### Brief:
Every line of the material needs an exact copy, apart from the images.

### Source material:
◆ ◆ ◆ ◆

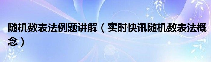 随机数表法例题讲解(实时快讯随机数表法概念)
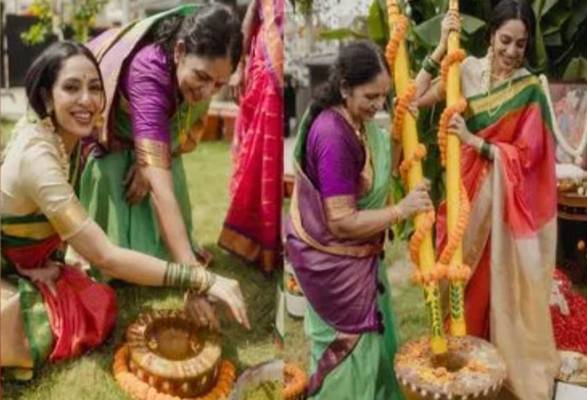 Recently, the actress confirmed the upcoming nuptials by sharing images from her pre-wedding festivities. Sobhita showcased a series of photographs from her Godhuma Raayi ceremony, a traditional event akin to the haldi rasam for brides in the telugu community. This time-honored ritual involves friends and family applying turmeric to the bride-to-be, with the women of the household preparing the turmeric for the occasion. In the images shared by Sobhita, she is seen joyfully participating in the turmeric pounding alongside other women. She wore a stunning orange silk saree with green and cream borders, complemented by a matching blouse. Her hairstyle, adorned with gajra, along with green bangles, gold jewelry, and subtle makeup, enhanced her allure. In an interview with Galatta, sobhita dhulipala reflected on her ring exchange ceremony with naga Chaitanya. She expressed that the engagement was precisely as she envisioned, devoid of unnecessary embellishments, yet inherently beautiful. Sobhita conveyed that while the event was not simplistic, it was perfect for her. She stated, "I approached the moment without significant expectations or elaborate plans. It was relaxed, simple, sweet, intimate, and warm—everything I had hoped for. When something beautiful occurs, I find no need for embellishments; the moment itself is fulfilling. Thus, I did not perceive it as simple or otherwise; it was exactly as it was meant to be, and it was perfect." Sobhita Dhulipala and naga chaitanya became engaged on an auspicious date, august 8, 2024, which holds significance related to the concept of Infinity. The couple exchanged rings at the actor's residence in Hyderabad.
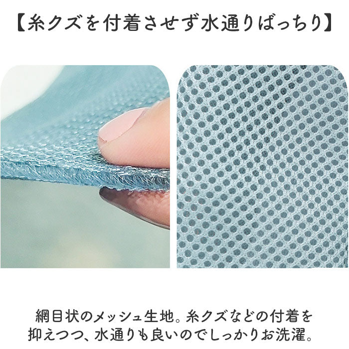 ・網目状のメッシュ生地。糸クズなどの付着を抑えつつ、水通りも良いのでしっかりお洗濯。
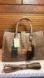 EXTERIOR: embossed crock in new condition no scrapes, scratches, rubs or loss of color. Season spanning shades of tan with black grain lines. Turnlock close. Rolled handles with 5” drop.

◆ ◆ ◆ ◆

### Answer for this exercise:
 随机数表法例题讲解(实时快讯随机数表法概念)
 Recently, the actress confirmed the upcoming nuptials by sharing images from her pre-wedding festivities. Sobhita showcased a series of photographs from her Godhuma Raayi ceremony, a traditional event akin to the haldi rasam for brides in the telugu community. This time-honored ritual involves friends and family applying turmeric to the bride-to-be, with the women of the household preparing the turmeric for the occasion. In the images shared by Sobhita, she is seen joyfully participating in the turmeric pounding alongside other women. She wore a stunning orange silk saree with green and cream borders, complemented by a matching blouse. Her hairstyle, adorned with gajra, along with green bangles, gold jewelry, and subtle makeup, enhanced her allure. In an interview with Galatta, sobhita dhulipala reflected on her ring exchange ceremony with naga Chaitanya. She expressed that the engagement was precisely as she envisioned, devoid of unnecessary embellishments, yet inherently beautiful. Sobhita conveyed that while the event was not simplistic, it was perfect for her. She stated, "I approached the moment without significant expectations or elaborate plans. It was relaxed, simple, sweet, intimate, and warm—everything I had hoped for. When something beautiful occurs, I find no need for embellishments; the moment itself is fulfilling. Thus, I did not perceive it as simple or otherwise; it was exactly as it was meant to be, and it was perfect." Sobhita Dhulipala and naga chaitanya became engaged on an auspicious date, august 8, 2024, which holds significance related to the concept of Infinity. The couple exchanged rings at the actor's residence in Hyderabad.
 ・網目状のメッシュ生地。糸クズなどの付着を抑えつつ、水通りも良いのでしっかりお洗濯。
 EXTERIOR: embossed crock in new condition no scrapes, scratches, rubs or loss of color. Season spanning shades of tan with black grain lines. Turnlock close. Rolled handles with 5” drop.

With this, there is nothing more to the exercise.